Less Back-and-Forth: A Comparative Study of Structured Prompting
Saurav Ghosh, Gabriella Polach, and Abdou Sow

TL;DR
This study demonstrates that structured prompts, especially checklist-based ones, enhance large language model response quality and efficiency across various tasks, reducing user effort and interaction.
Contribution
It introduces and empirically evaluates structured prompt designs, showing their effectiveness in improving LLM output quality and reducing interaction compared to unstructured prompts.
Findings
Checklist prompts scored highest on quality rubrics.
Checklist prompts used fewer tokens, indicating efficiency.
Structured prompts improve response quality across multiple tasks.
Abstract
Large language models (LLMs) are widely used for open-ended tasks, but underspecified prompts can lead to low-quality answers and additional interaction.

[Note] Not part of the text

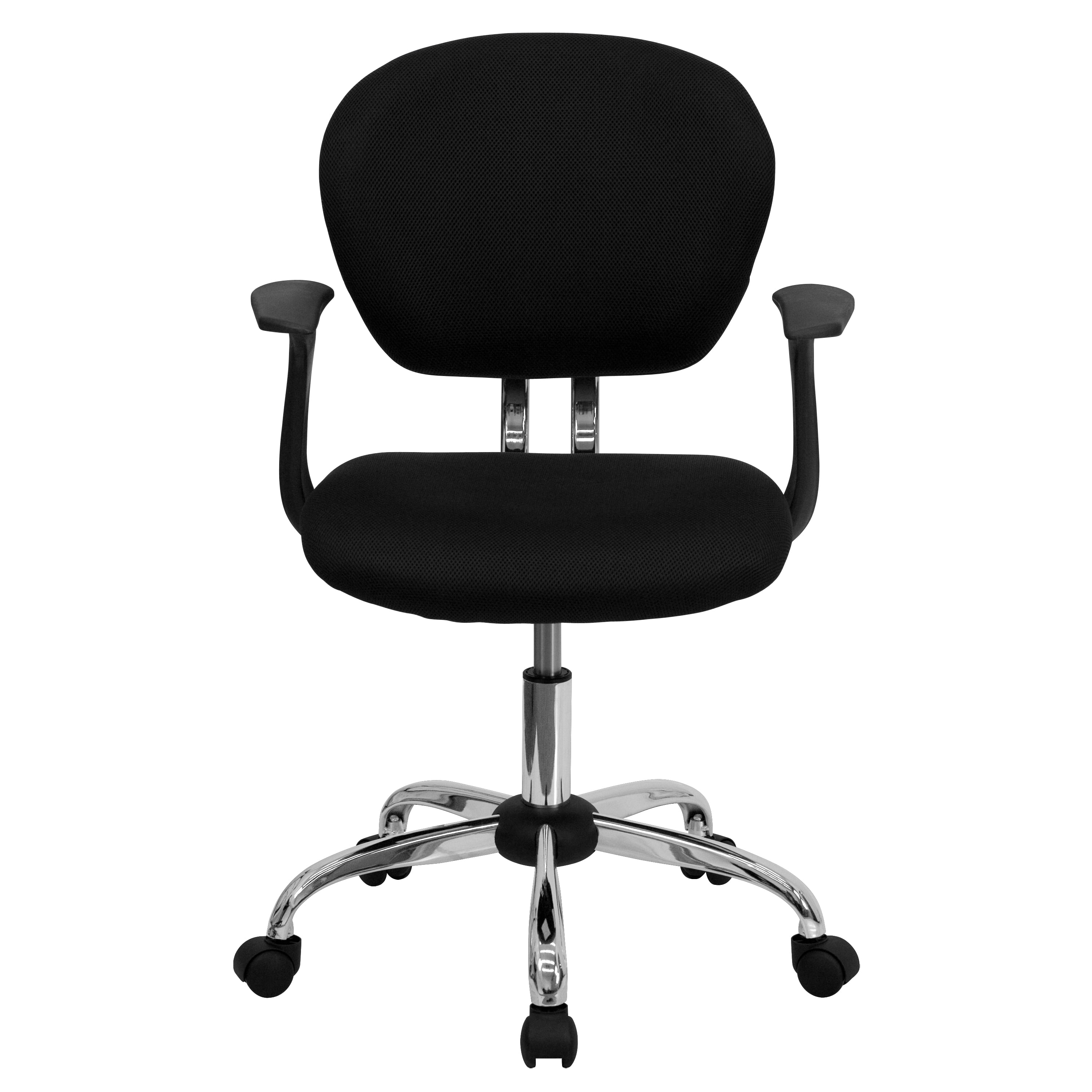 Flash Furniture Beverly Mid-Back Black Mesh Padded Swivel Task Office Chair with Chrome Base and Arms Modern Armless Task Chair with Arms Black Mesh Upholstery Mid-Back Design Contoured Seat with CAL 117 Fire Retardant Foam 360 Degree Swivel Seat Pneumatic Seat Height Adjustment 5-Star Chrome Base with Dual-Wheel Casters Make your workplace, dorm room or kids room fun with colorful desk chairs PRODUCT MEASUREMENTS: Overall Size: 23.5″W x 25.5″D x 33.5-37.5″H; Seat Size: 18.75″W x 17″D x 17.25-21″H; Back Size: 18.25″W x 17″H; Arm Size: 25.25-29″H from floor; 7″H from seat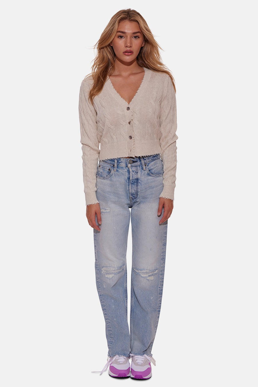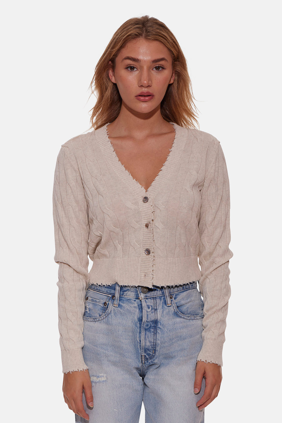 Introducing our Satya V-Neck cardigan, featuring a unique ribbed texture with frayed hem on the body, sleeves & neckline for a chic look. Perfect transition style going into the fall, made from a light weight 100% cotton.

This paper studies whether structured prompt design improves response quality while reducing user effort. We compare three prompt conditions: a raw prompt, a checklist-improved prompt, and a clarifying-question prompt. We evaluate these conditions across four task types--summarization, planning, explanation, and coding--using three LLM systems: ChatGPT, Claude, and Grok. Each output is scored with a unified rubric covering task completion, correctness, compliance, and clarity. Checklist-improved prompts achieved the highest mean rubric score, 7.50 out of 8, compared with 5.67 for raw prompts and 6.67 for clarifying-question prompts. Checklist prompts also produced the best quality-effort tradeoff, using fewer average tokens than both…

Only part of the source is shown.